Dataset items
--- --- ---
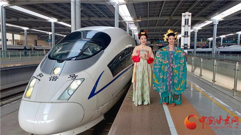 這趟列車,是敦煌研究院、甘肅省博物館、甘肅簡牘博物館、蘭州市博物館、天水市博物館、武威市博物館、平?jīng)鍪胁┪镳^、臨夏州彩陶館(州博物館)、和政古動物化石博物館九家國家一級博物館聯(lián)袂打造的“高鐵流動博物館”。
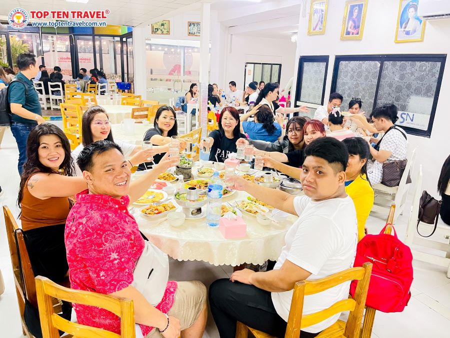 Trưa: Đoàn dùng bữa trưa tại nhà hàng địa phương sau đó nghỉ ngơi ngắn tại nhà hàng cho đến giờ hẹn đi tham quan:
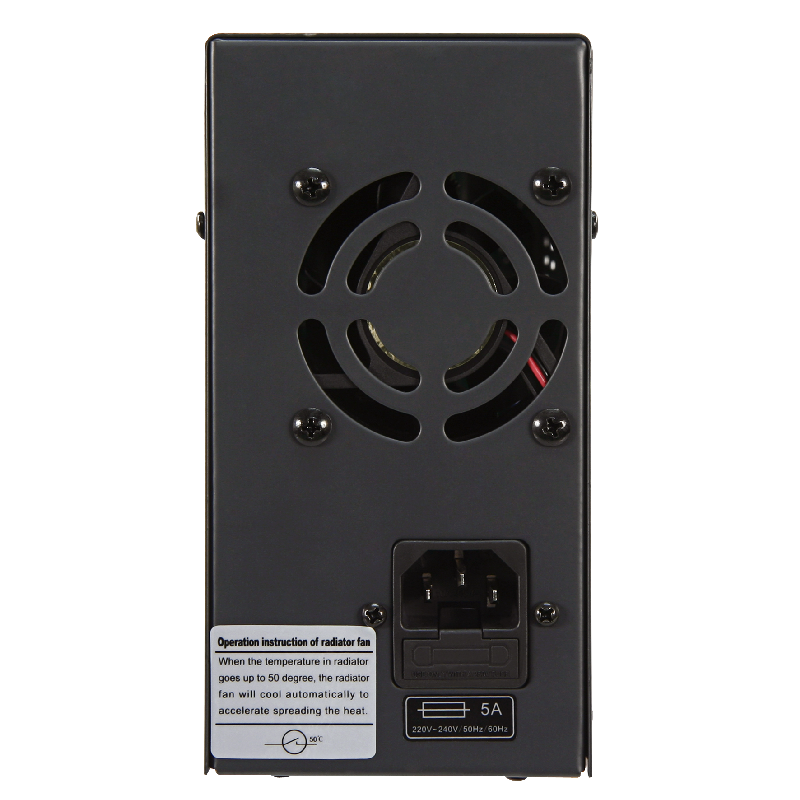 • zwei 3-stellige LCD-Anzeigen mit weißer Hintergrundbeleuchtung für Spannung und Strom
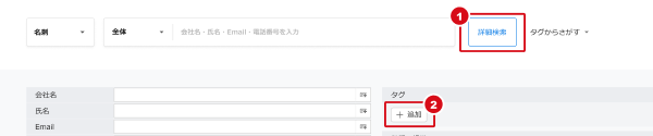 1. 送りたくない名刺を「メールアドレス」で検索し、タグBをつけます
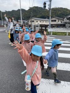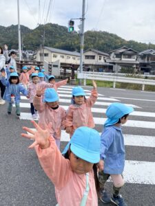 出かける前のお約束、✋友だちと手を繋ぐ、⚠道路に飛び出さない、💡人に出会ったら挨拶をする、などなどみんなで約束を確認して、いざ出発!!
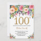 Floral 100th Birthday Invitation Gold Glitter
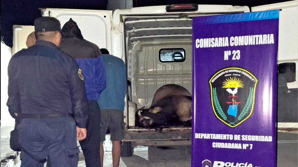 Durante el control, se descubrió que el vehículo transportaba un vacuno macho de aproximadamente 400 kg, que mostraba signos de haber sido herido con un arma punzante en el cuello y pecho, perdiendo sangre.
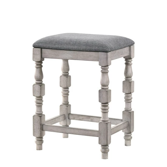The farmhouse rustic style set of two counter height stools is a unique and stylish seating arrangement to add to your home bar. Turned leg supports give a room novel design. This stool comes in a multitude of tones that work in transitional interior decor types. This piece presents a cottage characteristic with a taste of chic, making an inviting impression in your space. Not only will you find comfort in the footrests of this stool, but you’ll develop an appreciation for the careful construction. Made by Furniture of America for the Adagio collection, this stool is fit for rustic, farmhouse, and coastal or nautical themes.
--- --- ---
Exercise goal:
Your task is to write out, exactly and without pictures, only the lines from the one holding "Floral 100th Birthday" to the last line of the data.

Reply to the exercise:
 Floral 100th Birthday Invitation Gold Glitter
 Durante el control, se descubrió que el vehículo transportaba un vacuno macho de aproximadamente 400 kg, que mostraba signos de haber sido herido con un arma punzante en el cuello y pecho, perdiendo sangre.
The farmhouse rustic style set of two counter height stools is a unique and stylish seating arrangement to add to your home bar. Turned leg supports give a room novel design. This stool comes in a multitude of tones that work in transitional interior decor types. This piece presents a cottage characteristic with a taste of chic, making an inviting impression in your space. Not only will you find comfort in the footrests of this stool, but you’ll develop an appreciation for the careful construction. Made by Furniture of America for the Adagio collection, this stool is fit for rustic, farmhouse, and coastal or nautical themes.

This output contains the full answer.